Super Typhoon Sinlaku (2026) rapidly intensified into one of the strongest storms on the planet this year, peaking as a Category 5-equivalent super typhoon with sustained winds estimated near 180–185 mph.

It made landfall in the U.S. Northern Mariana Islands (Saipan and Tinian) on April 14–15 as a powerful Category 4 with ~150 mph winds, delivering destructive gusts, 15–30+ inches of rain, storm surge, and widespread flooding.

Anthony Watts’ piece on ClimateRealism.com (April 17, 2026) nails it: the Post avoided the reflexive “climate change made it worse” narrative that often dominates storm coverage. Instead, it stuck to the physics and natural variability.

Early-season super typhoons are unusual but documented in the historical record (e.g., pre-satellite era events).

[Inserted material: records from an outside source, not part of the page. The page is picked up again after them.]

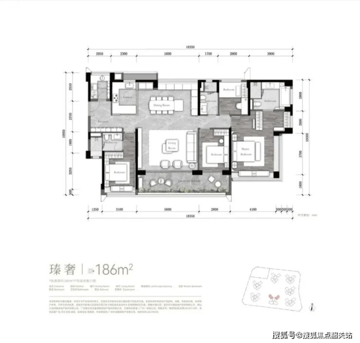 3. 186㎡四房:终极改善标杆,14 米南向面宽 + 双套房设计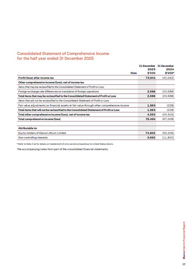Consolidated Statement of Comprehensive Income for the half year ended 31 December 2025  Profit/(loss) after income tax  73,941  (42,092)  Other comprehensive income/(loss), net of income tax  Items that may be reclassified to the Consolidated Statement of Profit or Loss:  Foreign exchange rate differences on translation of foreign operations  2,988  (24,688)  Total items that may be reclassified to the Consolidated Statement of Profit or Loss  2,988  (24,688)  Items that will not be reclassified to the Consolidated Statement of Profit or Loss:  Fair value adjustments on financial assets at fair value through other comprehensive income  1,565  (228)  Total items that will not be reclassified to the Consolidated Statement of Profit or Loss  1,565  (228)  Total other comprehensive income/(loss), net of income tax  4,553  (24,916)  Total comprehensive income/(loss)  78,494  (67,008)  Attributable to:  Equity holders of Elevra Lithium Limited  74,802  (55,206)  Non-controlling interests  3,692  (11,802)  Note  2025  $’000  31 December 31 December  2024  $’000*  * Refer to Note 2 (a) for details on restatement of prior period comparatives to United States dollars.  The accompanying notes form part of the consolidated financial statements.  Elevra Interim Financial Report  17
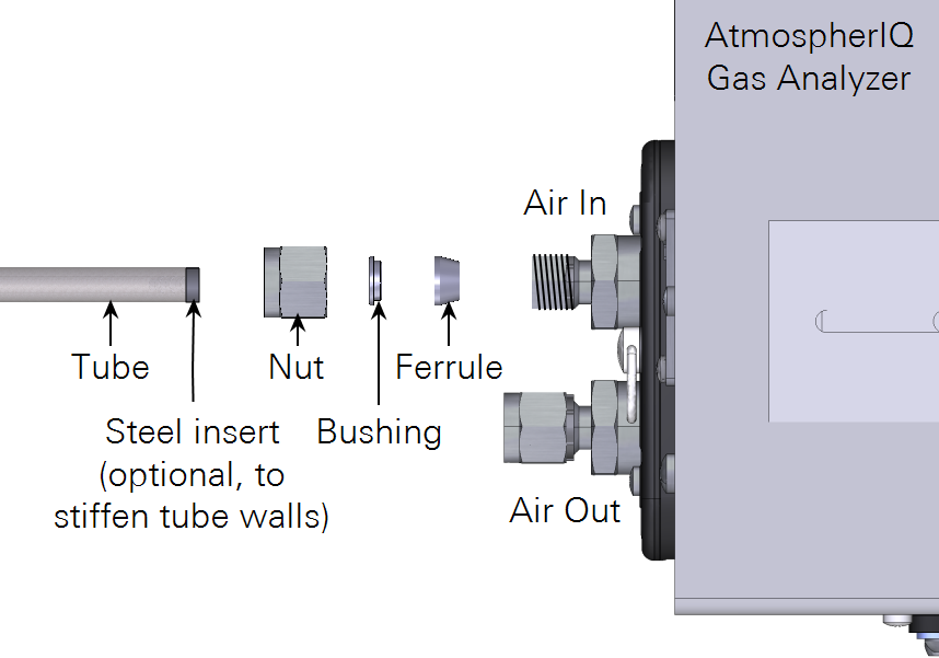 Air is drawn into the sample cell through the air inlet. Connect tubing to the inlet with the nut, bushing, and ferrule from the accessories kit. Optional stainless steel inserts (300-18126) are included for use with soft tubing. Tubing can be connected to the inlet and the outlet in the same way.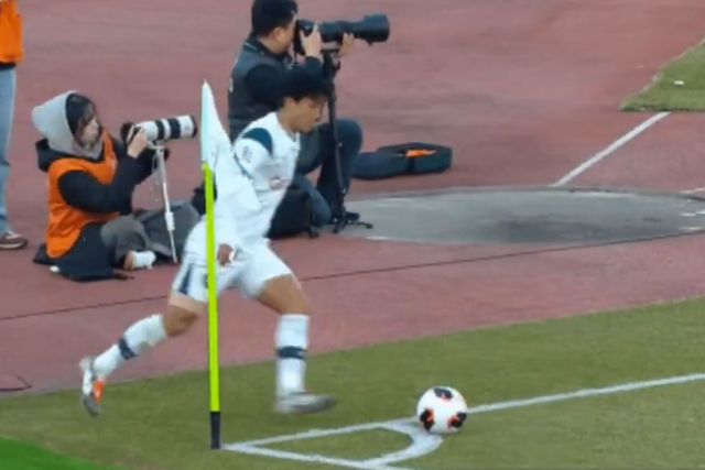 Kore Ligi'nde oynanan bir karşılaşmada yaşanan ilginç anlar futbolseverleri şaşkına çevirdi. Korner kullanmak için topun başına geçen bir futbolcu, tam vuruş yapacağı sırada bir anda kurşun yemiş gibi yere yığıldı.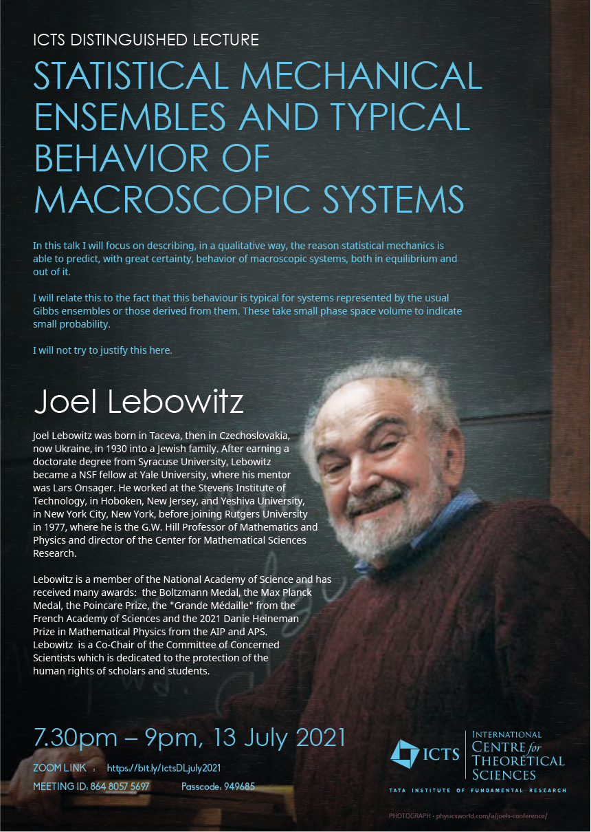About the Speaker: Joel Lebowitz was born in Taceva, then in Czechoslovakia, now Ukraine, in 1930 into a Jewish family. After earning a doctorate degree from Syracuse University, Lebowitz became a NSF fellow at Yale University, where his mentor was Lars Onsager. He worked at the Stevens Institute of Technology, in Hoboken, New Jersey, and Yeshiva University, in New York City, New York, before joining Rutgers University in 1977, where he is the G.W. Hill Professor of Mathematics and Physics and director of the Center for Mathematical Sciences Research.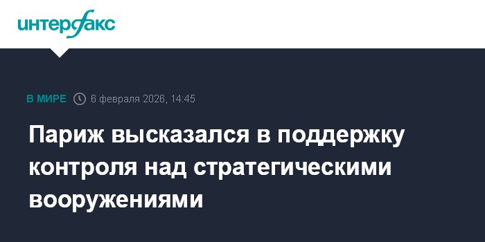 Москва. 6 февраля. INTERFAX.RU - Министерство иностранных дел Франции заявило, что поддерживает контроль над стратегическими вооружениями в связи с истечением 5 февраля российско-американского Договора о стратегических наступательных вооружениях.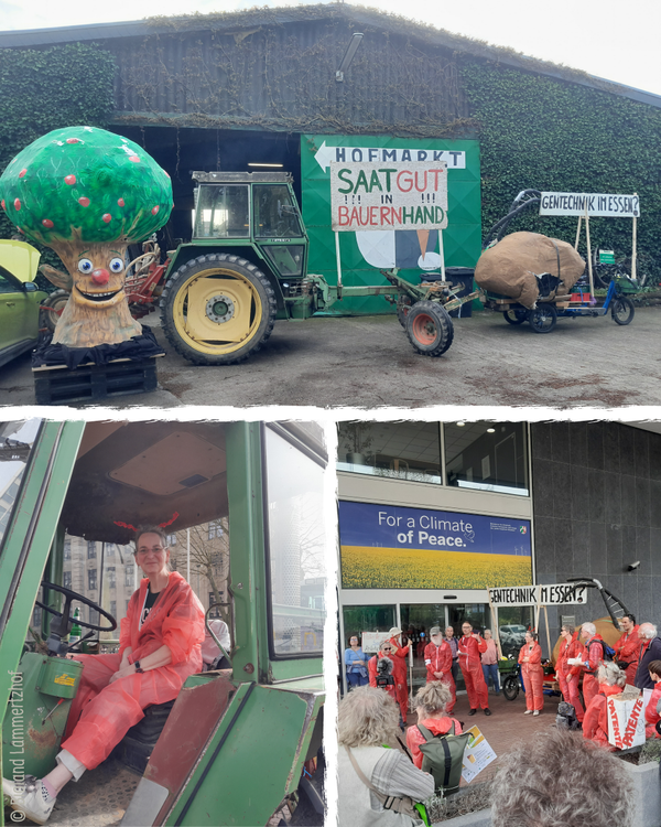 Gefühlte 100.000 Zuschauende hatten wir bei der Demo am vorletzten Wochenende in Düsseldorf, denn bei dem tollen Frühlings-/Sommerwetter waren soooooo viele Menschen draußen! „Wir“, an die 100 Menschen zum Teil in roten STOPP Overalls fielen schon auf, zusammen mit der langen Leine, an der die gut 1000 Unterschriften gegen das neue GENTECHNIK Gesetz aufgehängt waren. Auch die beiden Traktoren und die Lastenräder mit Plakaten und dem “Tilly-Baum” waren ein beliebtes Fotomotiv. Wenn dann jemand auch mal im Internet nachgeschaut hat “Gentechnik: betrifft mich das auch?” haben wir doch schon was gewonnen.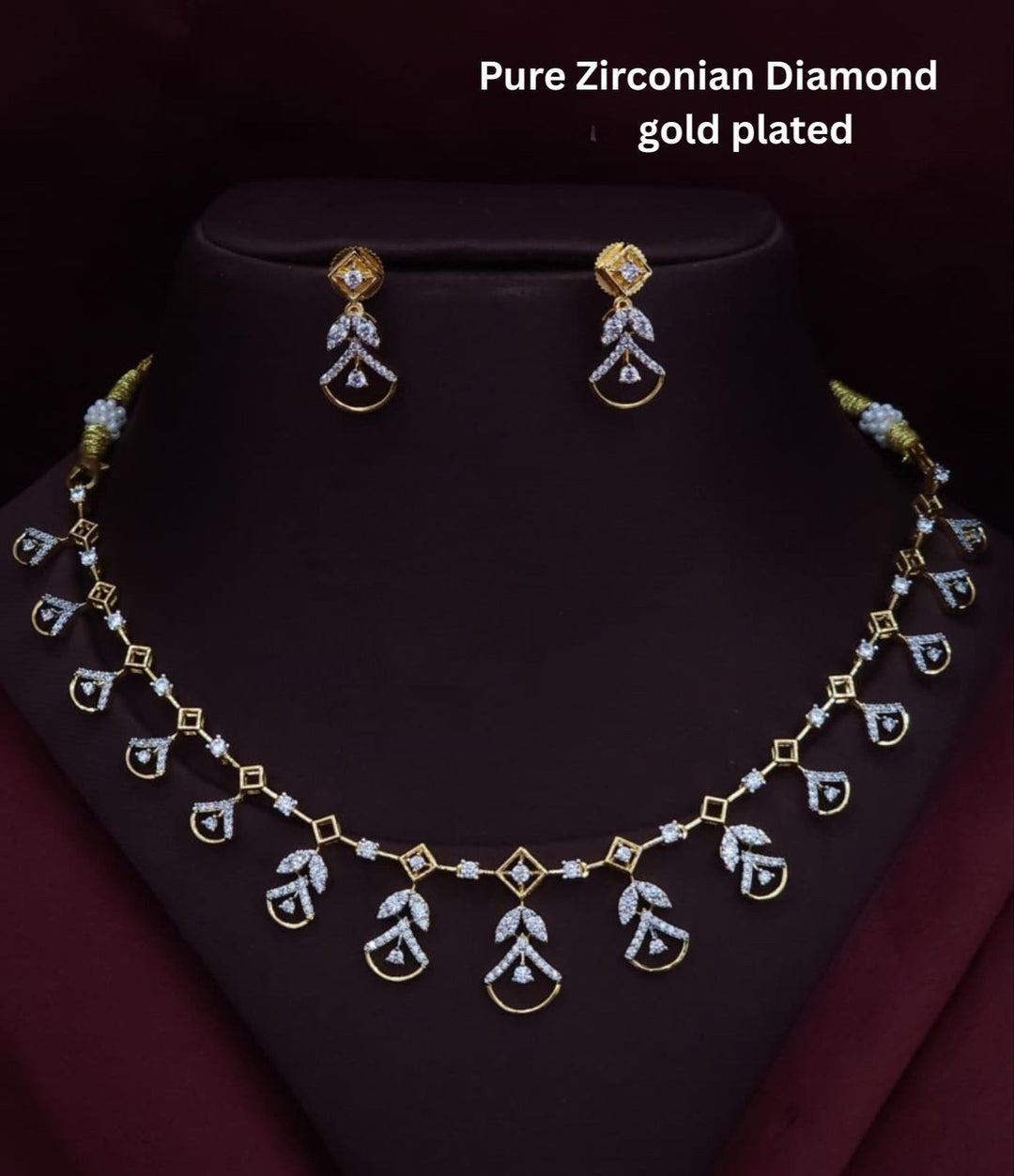 Pure Zirconian Diamond Gold Plated Dazzling Necklace With Earrings r101375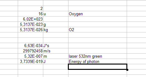 Let's say we have one Oxygen O2 molecule, it has mass 5.31*10^-26 kg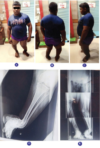A 21 years old boy sustained motor vehicle injury in the left inferior extremity at the age of 4. He was treated at Combined Military Hospital, Dhaka at that time because father is an Army personnel. Now, he was referred to Bari-Ilizarov Orthopaedic Centre for further management, that is for correction of deformity and L. L. D. Plain X-ray and clinical findings showed his right genu varum deformity due to depressed medial tibial plateau and lower (Lt) tibio fibular varus and procurvatum deformity and left knee genu valgum. His father was anxious regarding his deformity correction.4,5 (Figure 1(A-E))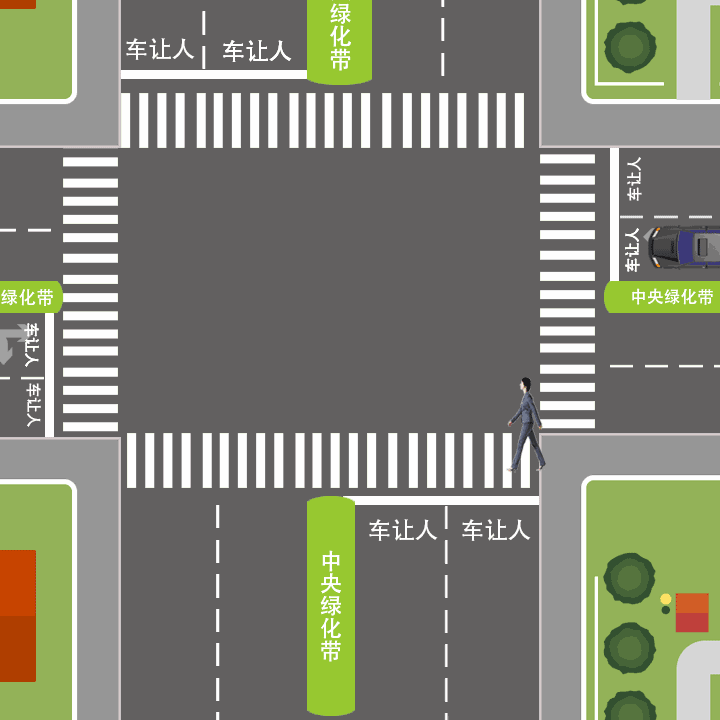 行人步入斑馬線,車輛行經(jīng)交叉路口轉(zhuǎn)彎時,左轉(zhuǎn)車輛必須讓行。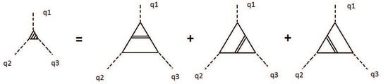 Diagrams describing the first approximation for the Standard Model contribution to three-graviton vertex (Equation (2)). Simple lines correspond to matter fermions (quarks, etc.) and double lines correspond to weak bosons W.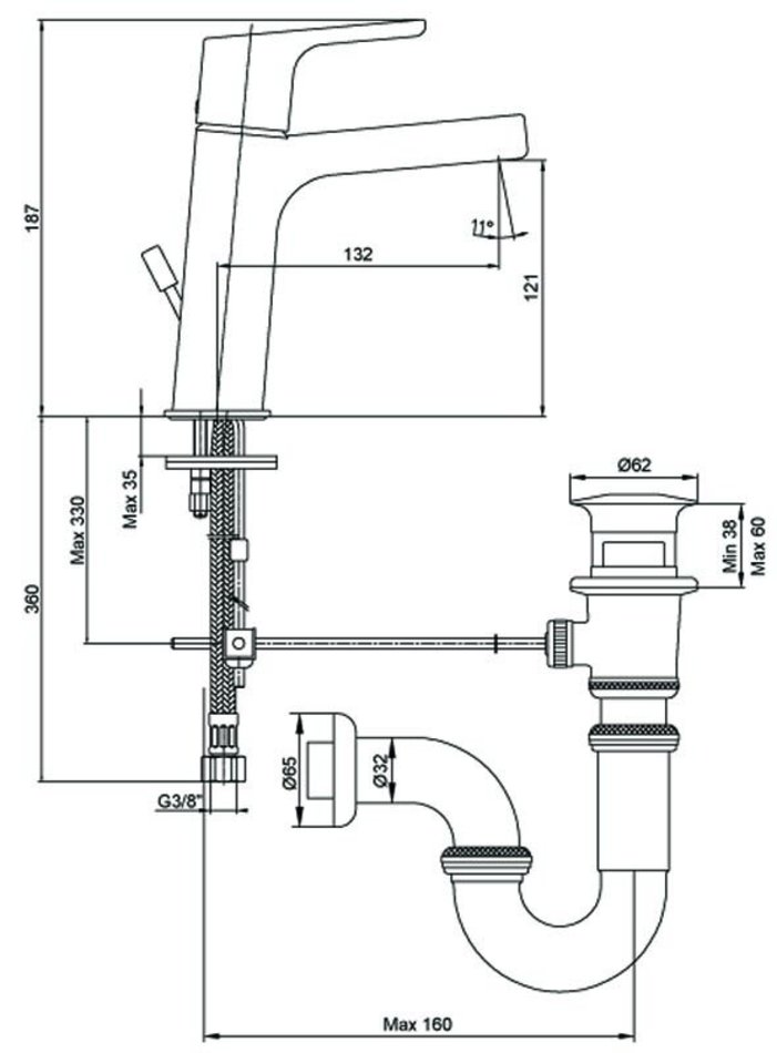 Смеситель E.C.A Luna 102108947EX для раковины с донным клапаном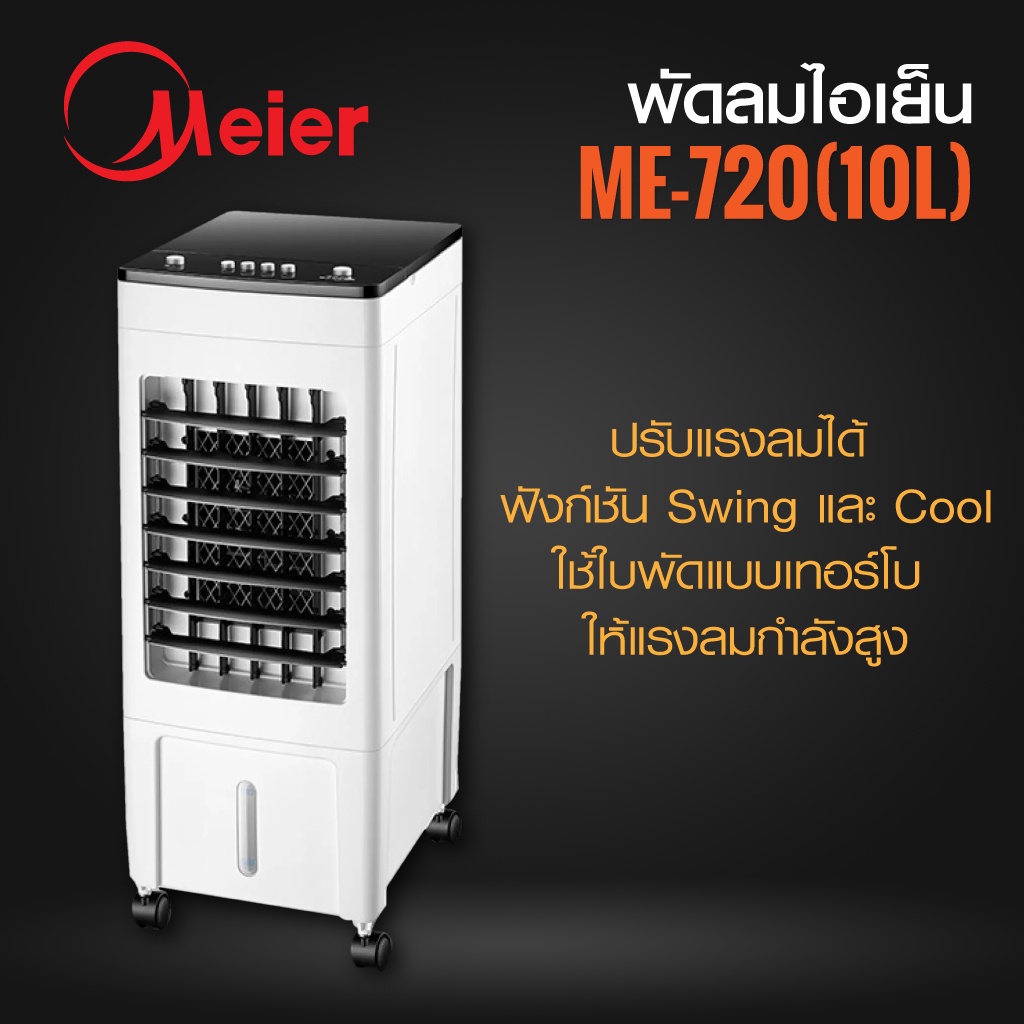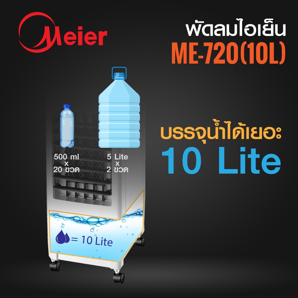 พัดลมไอน้ำ พัดลมไอเย็น Meier ขนาด 10L มาตรฐาน มอก. พร้อมเจลเย็น 2 ขวด คูลดาวน์อย่างรวดเร็ว เพิ่มความชื้นเงียบสุดๆ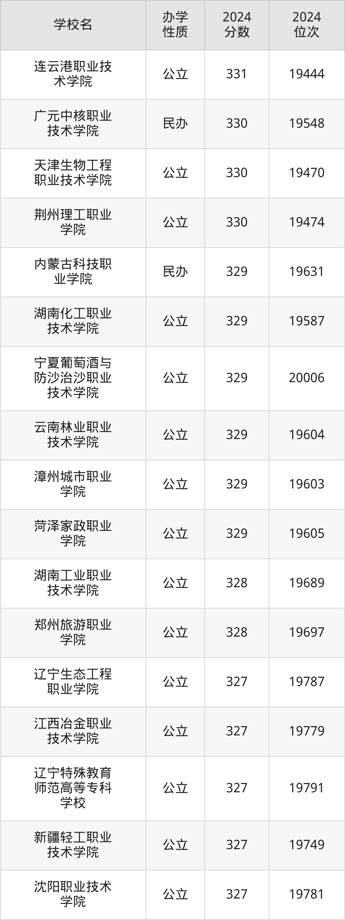 | 沈阳职业技术 学院 | 327 | 19781 |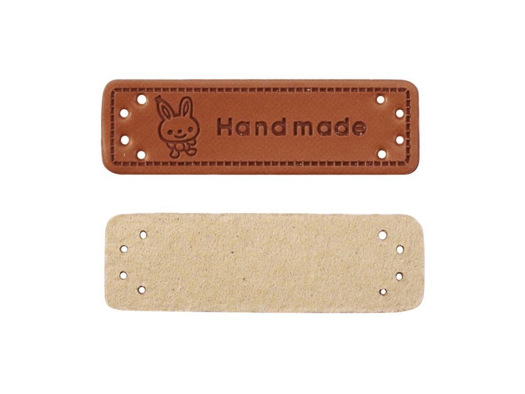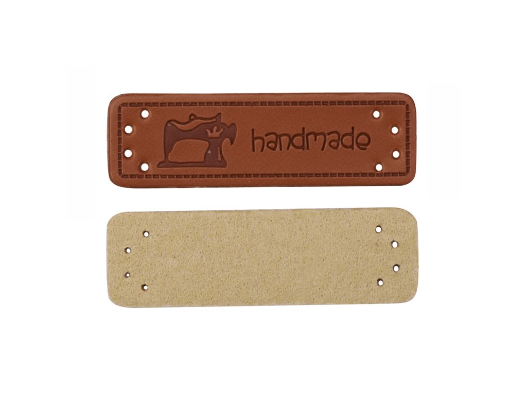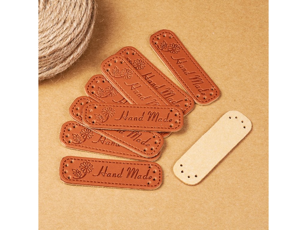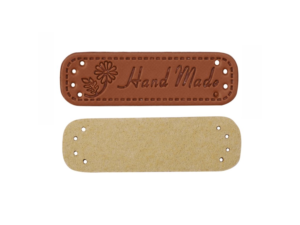 Cedulku oválného tvaru zdobí jednostranný nápis "hand made". Zaujme vás předseknutými otvory, které slouží jako dekorace. Po stranách cedulky jsou dírky, díky kterým ji lze přišít nebo jimi provléct šňůrku.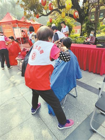 初老志愿者為市民提供義剪服務。記者 莫偉濃 攝
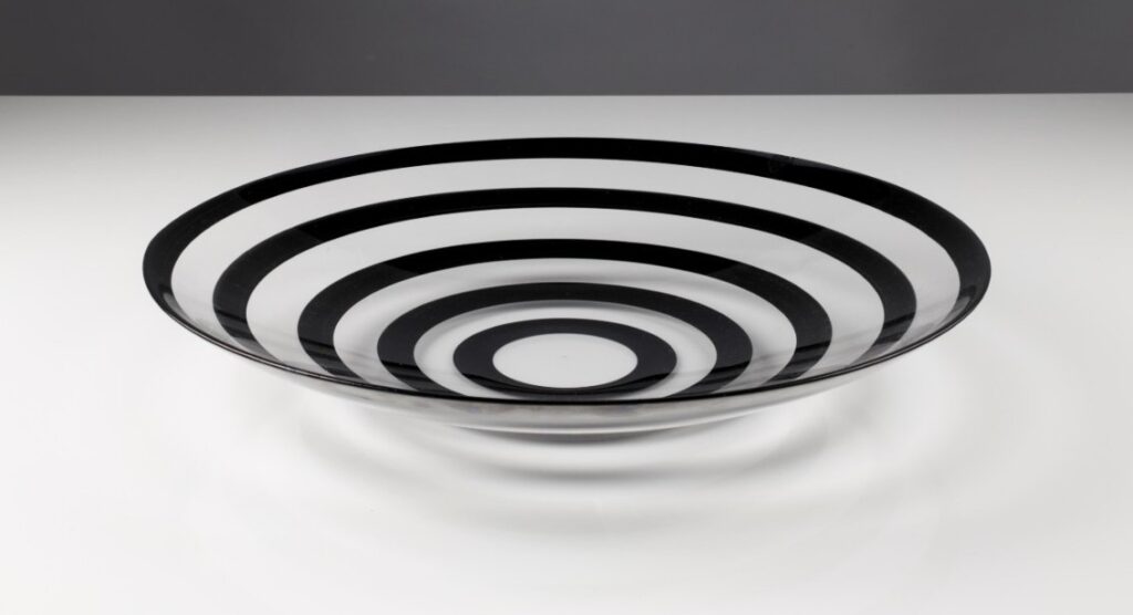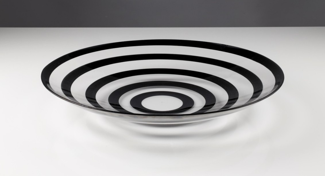 Farbloses Glas, schwarz gemalter Streifendekor, monogrammiert: A N, Klebeetikett: Orrefors Sweden,

Western Pacific seasons have long varied dramatically with El Niño/La Niña cycles—busy during strong El Niños like 1997—independent of gradual greenhouse-gas trends. Local ocean heat content and atmospheric setup drive individual storm intensity far more than any marginal global warming signal on short timescales.

This is responsible journalism: it informs the public about real dangers and recovery needs without politicizing a deadly weather event affecting U.S. territories. Recovery will be tough for the ~50,000 residents of Saipan and Tinian, but the focus remains on facts over alarm. Kudos to the Post for getting the science right.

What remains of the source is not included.